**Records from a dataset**

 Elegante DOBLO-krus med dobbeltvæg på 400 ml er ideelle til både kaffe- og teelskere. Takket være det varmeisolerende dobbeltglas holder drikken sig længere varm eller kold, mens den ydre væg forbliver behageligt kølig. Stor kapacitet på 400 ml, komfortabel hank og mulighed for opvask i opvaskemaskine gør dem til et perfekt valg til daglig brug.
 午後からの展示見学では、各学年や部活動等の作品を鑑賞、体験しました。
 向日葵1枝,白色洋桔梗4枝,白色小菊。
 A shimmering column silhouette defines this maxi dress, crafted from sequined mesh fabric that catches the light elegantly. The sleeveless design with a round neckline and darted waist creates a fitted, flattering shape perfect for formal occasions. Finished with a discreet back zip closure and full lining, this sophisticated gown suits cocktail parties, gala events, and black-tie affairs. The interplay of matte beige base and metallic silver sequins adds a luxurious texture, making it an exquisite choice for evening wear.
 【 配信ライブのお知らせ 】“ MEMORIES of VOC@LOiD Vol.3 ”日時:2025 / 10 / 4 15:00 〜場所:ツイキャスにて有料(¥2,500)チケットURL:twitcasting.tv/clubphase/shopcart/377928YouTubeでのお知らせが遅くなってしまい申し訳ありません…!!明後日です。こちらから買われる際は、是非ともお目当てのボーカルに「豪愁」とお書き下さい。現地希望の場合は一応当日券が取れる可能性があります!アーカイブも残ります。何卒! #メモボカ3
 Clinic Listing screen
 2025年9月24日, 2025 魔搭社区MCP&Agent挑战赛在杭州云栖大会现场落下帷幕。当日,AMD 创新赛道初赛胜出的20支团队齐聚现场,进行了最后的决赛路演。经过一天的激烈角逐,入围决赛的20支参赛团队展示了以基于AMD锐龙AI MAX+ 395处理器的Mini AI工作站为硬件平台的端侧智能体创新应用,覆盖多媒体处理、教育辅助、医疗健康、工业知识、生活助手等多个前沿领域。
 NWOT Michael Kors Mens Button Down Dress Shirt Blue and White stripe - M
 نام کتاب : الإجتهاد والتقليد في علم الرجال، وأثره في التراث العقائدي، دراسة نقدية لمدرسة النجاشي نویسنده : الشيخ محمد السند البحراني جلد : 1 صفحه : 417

**Description of the task**
Give the data back in full, matching it character for character.

**Answer area**
 Elegante DOBLO-krus med dobbeltvæg på 400 ml er ideelle til både kaffe- og teelskere. Takket være det varmeisolerende dobbeltglas holder drikken sig længere varm eller kold, mens den ydre væg forbliver behageligt kølig. Stor kapacitet på 400 ml, komfortabel hank og mulighed for opvask i opvaskemaskine gør dem til et perfekt valg til daglig brug.
 午後からの展示見学では、各学年や部活動等の作品を鑑賞、体験しました。
 向日葵1枝,白色洋桔梗4枝,白色小菊。
 A shimmering column silhouette defines this maxi dress, crafted from sequined mesh fabric that catches the light elegantly. The sleeveless design with a round neckline and darted waist creates a fitted, flattering shape perfect for formal occasions. Finished with a discreet back zip closure and full lining, this sophisticated gown suits cocktail parties, gala events, and black-tie affairs. The interplay of matte beige base and metallic silver sequins adds a luxurious texture, making it an exquisite choice for evening wear.
 【 配信ライブのお知らせ 】“ MEMORIES of VOC@LOiD Vol.3 ”日時:2025 / 10 / 4 15:00 〜場所:ツイキャスにて有料(¥2,500)チケットURL:twitcasting.tv/clubphase/shopcart/377928YouTubeでのお知らせが遅くなってしまい申し訳ありません…!!明後日です。こちらから買われる際は、是非ともお目当てのボーカルに「豪愁」とお書き下さい。現地希望の場合は一応当日券が取れる可能性があります!アーカイブも残ります。何卒! #メモボカ3
 Clinic Listing screen
 2025年9月24日, 2025 魔搭社区MCP&Agent挑战赛在杭州云栖大会现场落下帷幕。当日,AMD 创新赛道初赛胜出的20支团队齐聚现场,进行了最后的决赛路演。经过一天的激烈角逐,入围决赛的20支参赛团队展示了以基于AMD锐龙AI MAX+ 395处理器的Mini AI工作站为硬件平台的端侧智能体创新应用,覆盖多媒体处理、教育辅助、医疗健康、工业知识、生活助手等多个前沿领域。
 NWOT Michael Kors Mens Button Down Dress Shirt Blue and White stripe - M
 نام کتاب : الإجتهاد والتقليد في علم الرجال، وأثره في التراث العقائدي، دراسة نقدية لمدرسة النجاشي نویسنده : الشيخ محمد السند البحراني جلد : 1 صفحه : 417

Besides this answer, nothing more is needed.